Abstract. Aerosol optical depth (AOD) has become a crucial metric for assessing global
climate change. Although global and regional AOD trends have been studied
extensively, it remains unclear what factors are driving the inter-decadal
variations in regional AOD and how to quantify the relative contribution of
each dominant factor. This study used a long-term (1980–2016) aerosol
dataset from the Modern-Era Retrospective Analysis for Research and
Applications, version 2 (MERRA-2) reanalysis, along with two satellite-based
AOD datasets (MODIS/Terra and MISR) from 2001 to 2016, to investigate the
long-term trends in global and regional aerosol loading. Statistical models
based on emission factors and meteorological parameters were developed to
identify the main factors driving the inter-decadal changes of regional AOD
and to quantify their contribution. Evaluation of the MERRA-2 AOD with the
ground-based measurements of AERONET indicated significant spatial agreement
on the global scale (r= 0.85, root-mean-square error = 0.12, mean fractional error = 38.7 %, fractional gross error = 9.86 % and index of agreement = 0.94). However, when AOD observations from the China
Aerosol Remote Sensing Network (CARSNET) were employed for independent
verification, the results showed that MERRA-2 AODs generally underestimated
CARSNET AODs in China (relative mean
bias = 0.72 and fractional gross error =-34.3 %).
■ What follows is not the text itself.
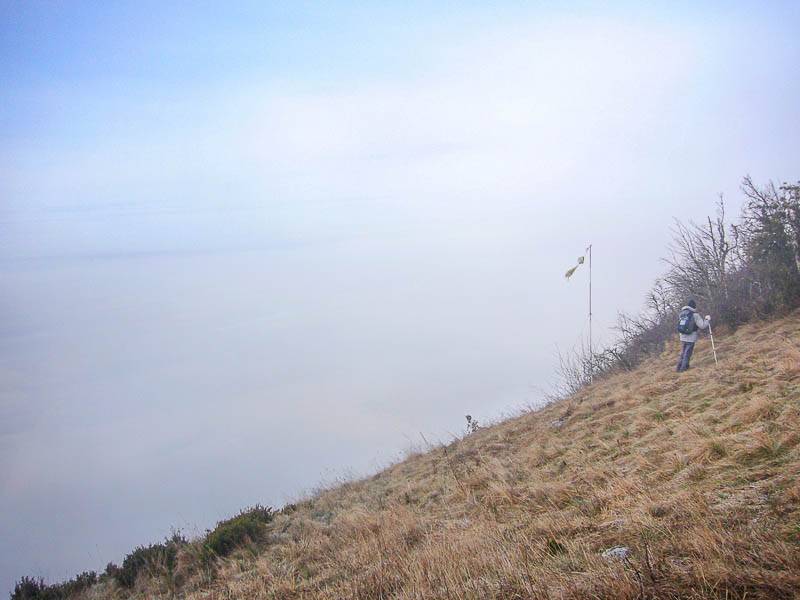 Maintenant plus facile à suivre, mais encombré de quelque ronces aux épines agressives, le sentier deviendra vite meilleur, agréable, entretenu, après une aire de décollage de vol libre qui est référencée sur le site officiel de la fédération de cette activité [ UTM 31T 0703688 5060880 ].

In general,
MERRA-2 was able to quantitatively reproduce the annual and seasonal AOD
trends on both regional and global scales, as observed by MODIS/Terra,
although some differences were found when compared to MISR. Over the 37-year
period in this study, significant decreasing trends were observed over
Europe and the eastern United States. In contrast, eastern China and southern
Asia showed AOD increases, but the increasing trend of the former reversed
sharply in the most recent decade. The statistical analyses suggested that
the meteorological parameters explained a larger proportion of the AOD
variability (20.4 %–72.8 %) over almost all regions of interest (ROIs) during 1980–2014 when compared with emission factors (0 %–56 %). Further analysis also showed that SO2 was the dominant emission factor, explaining 12.7 %–32.6 % of the variation in AOD over anthropogenic-aerosol-dominant regions, while black carbon or organic carbon was the leading factor over the biomass-burning-dominant (BBD) regions, contributing 24.0 %–27.7 % of the variation. Additionally, wind speed was found to be the leading meteorological parameter, explaining 11.8 %–30.3 % of the variance over the mineral-dust-dominant regions, while ambient humidity (including soil moisture and relative humidity) was the top meteorological parameter over the BBD regions, accounting for 11.7 %–35.5 % of the variation. The results of this study indicate that the variation in meteorological parameters is a key factor in determining the inter-decadal change in regional AOD.